Abbreviations: HR, hazard ratio; TMAO, trimethylamine N-oxide.

a

Hazard ratios for incident type 2 diabetes comparing each of the 4 higher metabolite quintiles with the lowest (reference) quintile, obtained from Cox proportional hazards regression models with serial measures of metabolite and time-updated covariates. Model 1 adjusted for age, sex, race, site, educational attainment, income, body mass index, waist circumference, smoking, physical activity, systolic blood pressure, hypertension, low-density lipoprotein cholesterol, coronary heart disease, animal-sourced food consumption, and total energy intake. Model 2 additionally adjusted for estimated glomerular filtration rate.

Discussion

In this large, prospective study among older adults, we evaluated how plasma concentrations of TMAO, carnitine, choline, betaine, γ-butyrobetaine, and crotonobetaine were associated with the risk of incident diabetes in a community-based cohort. We observed no significant associations of the metabolites with risk of incident diabetes. When we evaluated markers of glucose-insulin homeostasis as potentially more sensitive early measures of metabolic dysfunction, several cross-sectional associations with markers of glucose-insulin homeostasis were identified.

Trimethylamine N-Oxide

Evidence of an association of TMAO with diabetes in humans has been inconsistent. Trimethylamine N-oxide is associated with prevalent diabetes in cross-sectional analyses,21,22,42 and in a hospital-based retrospective case-control study,23 elevated plasma TMAO levels were associated with an increased risk of diabetes. However, in a case-cohort study nested in the Prevención con Dieta Mediterránea (PREDIMED) trial, high plasma TMAO concentrations were associated with a decreased risk of incident diabetes.26 In contrast, in a prospective study among Norwegian patients with stable angina, plasma TMAO levels were not significantly associated with incident diabetes after adjustment for other risk factors.25 Our study builds on and extends these prior findings in several important respects.
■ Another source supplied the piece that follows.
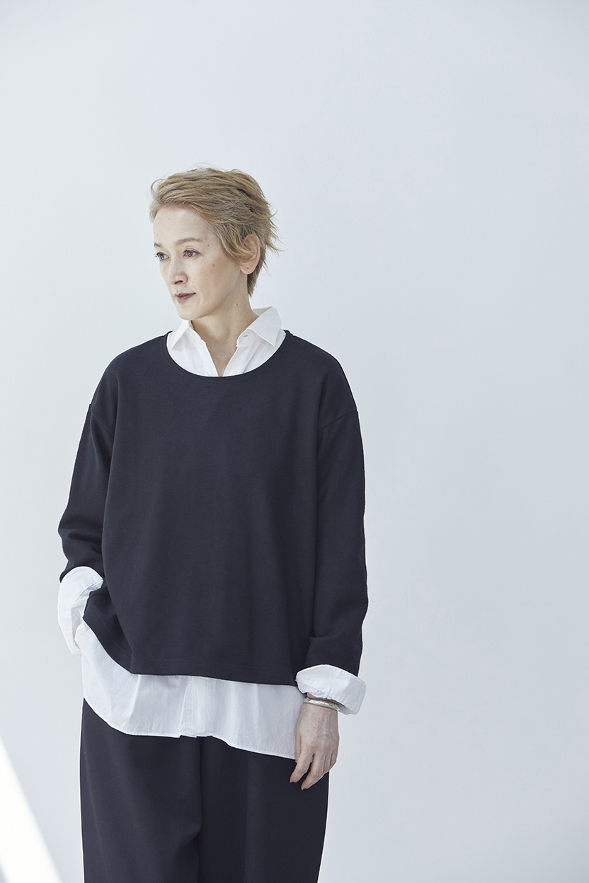 肩もドロップ気味で、誰でも着やすく。

First, compared with prior retrospective studies, our design minimizes reverse causation and selection bias. Second, each of these prior studies only used a single TMAO measure at baseline. In our study, the within-person Spearman correlation coefficient for repeated TMAO measures over up to 7 years of follow-up was 0.25; corresponding correlation coefficients for the other metabolites ranged from 0.33 to 0.59. These results suggest significant intraperson variability in diet, microbiome, and/or metabolism over many years, so that a single baseline measure of these metabolites may not accurately reflect long-term exposure (or corresponding clinical risk). Thus, compared with prior studies, our use of serial measures strengthens the precision of our exposure measurement and validity of findings. Third, we carefully adjusted for many covariates reducing the effect of residual confounding, and we evaluated the effect of adjusting for eGFR. Fourth, we evaluated not only TMAO but also 5 closely related precursors and intermediates, providing a more complete picture of this family of diet- and microbiome-related molecules. Finally, the CHS is a general, community-based, prospective cohort of older adults, greatly increasing generalizability compared with some of the prior selected populations. Our findings and those of prior studies do not support the hypothesis that TMAO or its related metabolites increase the risk of incident diabetes.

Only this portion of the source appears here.